(Beginning of Information supplied)
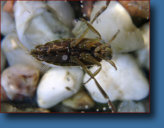 Ungefähr so groß wie eine Wespe kann dieser Gemeine Rückenschwimmer auch ähnlich unangenehm zustechen, allerdings mit seinem hier gut sichtbaren Stechrüssel.
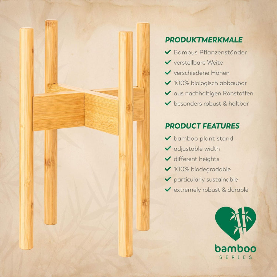 Rubberneck Bambus Pflanzenständer - Verstellbare Blumentopfständer aus Bambusholz für den Innen- und
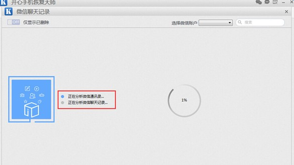 第四步:点击后,软件会对手机中的微信聊天记录进行扫描分析。分析时间取决于手机里的内容,一般5-10分钟。请耐心等待。
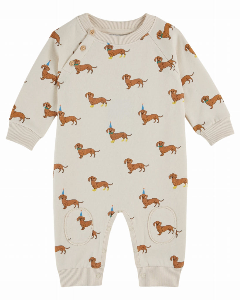 Combinaison en jersey de coton biologique molletonné et gratté écru imprimé de teckels caramel à bottes jaunes, nœuds papillon verts et chapeaux pointus bleus. C'est la fête chez les teckels !
(End of Information supplied)
Pictures are to be left out; the listing above is otherwise to be copied exactly.

§ **Written reply**
 Ungefähr so groß wie eine Wespe kann dieser Gemeine Rückenschwimmer auch ähnlich unangenehm zustechen, allerdings mit seinem hier gut sichtbaren Stechrüssel.
 Rubberneck Bambus Pflanzenständer - Verstellbare Blumentopfständer aus Bambusholz für den Innen- und
 第四步:点击后,软件会对手机中的微信聊天记录进行扫描分析。分析时间取决于手机里的内容,一般5-10分钟。请耐心等待。
 Combinaison en jersey de coton biologique molletonné et gratté écru imprimé de teckels caramel à bottes jaunes, nœuds papillon verts et chapeaux pointus bleus. C'est la fête chez les teckels !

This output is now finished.